## Project: Data Cleaning with Pandas

#### Below will be a series of user stories, followed by an empty Python code block
* These user stories will go through the process of importing, cleaning, and exporting the included `dirty_cars_dataset.csv` file
* Be sure to read each question carefully, and to test and debug your code to ensure the user story is completed correctly!

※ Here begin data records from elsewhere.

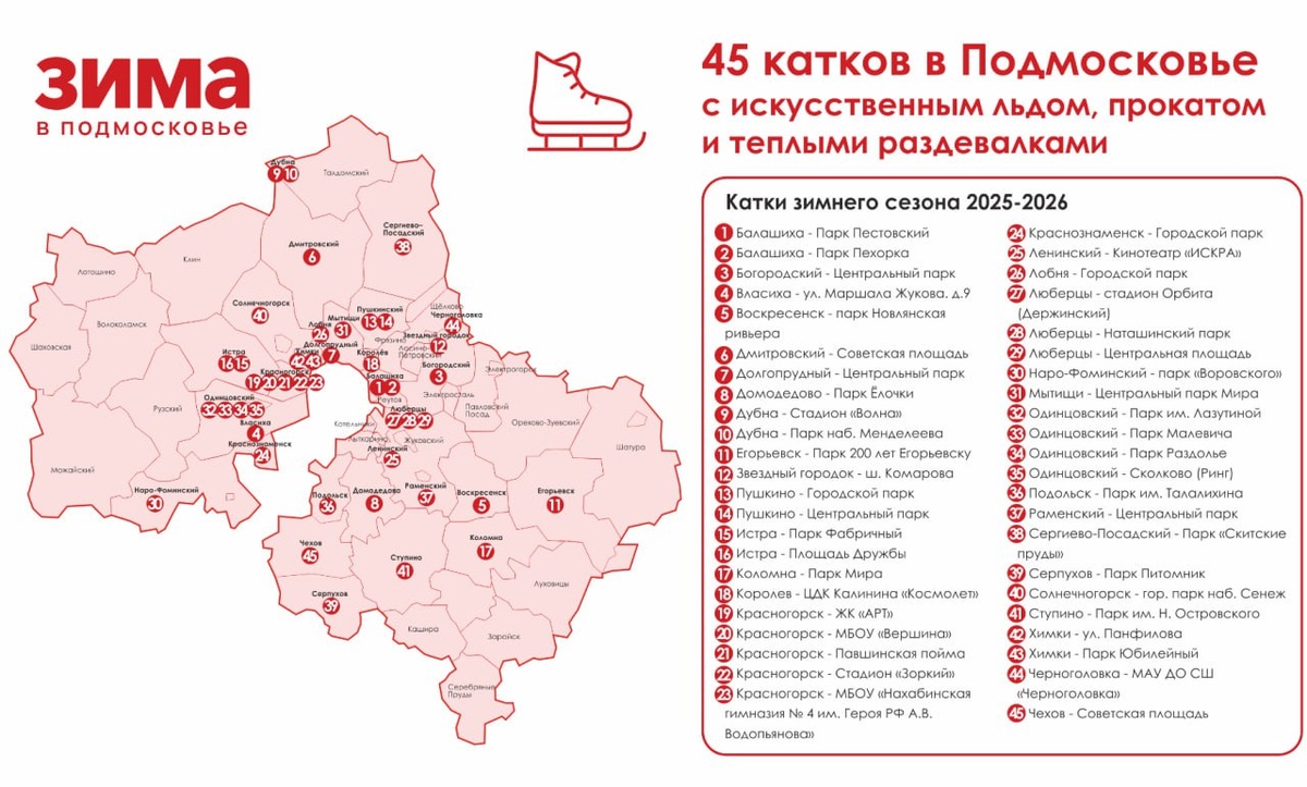Текст и фото: Телеграмм канал "Из Москвы на выходные". С наступлением зимы!😊 ... Правда, зима в этом году начинается без снега, но не беда! Если вы желаете покататься на коньках, вот карта катков с искусственным льдом! Забронировать сеанс катания можно по ссылке. )) Благодарим за материал замечательный Телеграмм канал "Из Москвы на выходные". На сайте РЖД Тур есть настоящий конструктор путешествий выходного дня. Придумывайте, конструируйте и ... путешествуйте! ))) Праздник уже совсем скоро, напоминаем, что на нашем сайте еще можно успеть забронировать сказочные Новогодние поезда! ))) И не забудьте подписаться на наш Дзен, где вас ждет увлекательная информация о туристических круизах, размышления специалистов в области пассажирских перевозок, иные экспертные мнения, подробные описания экскурсионных программ, красивые фотографии и видео. Вся гамма наших туристических предложений — более 100 готовых туров — доступна для вас на сайте «РЖД Тур» 24/7. Мы в ВК, Дзен и Телеграмм.
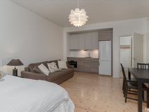 - Keittiön varusteet: Jääkaappipakastin, liesi (Bosch), liesituuletin (Bosch) ja uuni (AEG yhdistelmäuuni, mikroaaltotoiminto samassa). Liesi: Induktioliesi. Työtason materiaali: Laminaatti. Kvik keittiö, uusittu 2018.
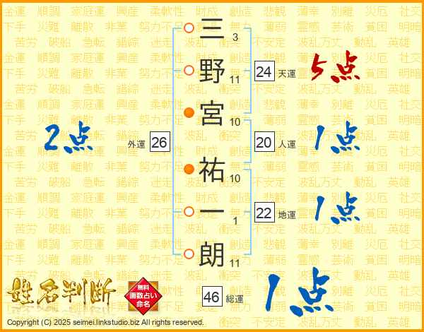 三(3画)野(11画)宮(10画) 祐(10画)一(1画)朗(11画)

### As a Data Analyst, I want to set up the proper imports so I have access to the Pandas library

In [None]:
import pandas as pd


### As a Data Analyst, I want to import and store the `dirty_cars_dataset.csv` file in a variable
✅ I want to use the `index` column from this .csv file as the `index column` of my DataFrame

In [None]:
df = pd.read_csv("dirty_cars_dataset.csv",index_col="index")
df.head

### As a Data Analyst, I want to view the **information** about my new DataFrame to answer the following questions:
##### Enter your responses in the Markdown block below

* How many entries are in this DataFrame: 64
* How many columns are in this DataFrame:  9
* Which column(s) contain null values in this DataFrame: price

In [None]:
df.info()


### As a Data Analyst, I want to to remove any null values from the DataFrame
✅ I want to **create a new DataFrame variable** when I remove these null values<br>
✅ Then, I want to display the **information** about my new DataFrame, to confirm the null values were successfully removed

In [None]:
nonnull_df =df.dropna()
nonnull_df.info ()

### As a Data Analyst, I want to check if there are any **duplicate rows** within my DataFrame

In [None]:
nonnull_df.duplicated()

### As a Data Analyst, I want to **remove** any duplicate values from the DataFrame
✅ I want to **create a new DataFrame variable** when I remove these duplicate values<br>
✅ I want to again check if there are any duplicate rows within my DataFrame, to ensure the values were removed successfully

In [None]:
nodup_df =nonnull_df.drop_duplicates()
nodup_df.duplicated().sort_values()

### As a Data Analyst, I want to ensure I remove any outlier values from my DataFrame to avoid inaccurate analysis of my data
✅I want to **create a new DataFrame variable** when I remove these values<br><br>
💡 **Hint:** These inaccuracies will be within the `price` column 💡<br><br>
💡 **Hint** There will be both **high** and **low** outlier values 💡

In [None]:
# Removing high outlier values
sorted_df = nodup_df.sort_values("price")
sorted_df.head()
houtlier_df = sorted_df.drop(53)
houtlier_df.head()

In [None]:
# Removing low outlier values
lsorted_df = houtlier_df.sort_values("price")
lsorted_df.tail()
loutlier_df = lsorted_df.drop(2)
loutlier_df.tail()

### As a Data Analyst, I want to reformat the **company** series, ensuring all company name values are properly title (Pascal) cased

In [None]:
loutlier_df["company"] = loutlier_df["company"].str.title()
loutlier_df.head()

### As a Data Analyst, I want to create a ***new*** column on my DataFrame to represent the **price of each car in Euros**
💡 **Use the conversion rate 1.05 USD == 1 Euro** 💡

In [None]:
loutlier_df["price_euro"] = loutlier_df["price"]*1.05
loutlier_df.head()

### As a Data Analyst, I want to rename the existing **price** column to show that it represents **price in USD**

In [None]:
renamed_df = loutlier_df.rename(columns={"price":"pirce_usd"})
renamed_df.head()

### As a Data Analyst, I want to output my cleaned DataFrame as a .csv file
✅ I want to name this file `cleaned_cars_dataset.csv`<br>
✅ I want to specify the encoding type 'utf-8'<br>
✅ I want to include this .csv file in my GitHub repository

In [None]:
renamed_df.to_csv("clean_cars_dataset.csv",encoding="utf-8")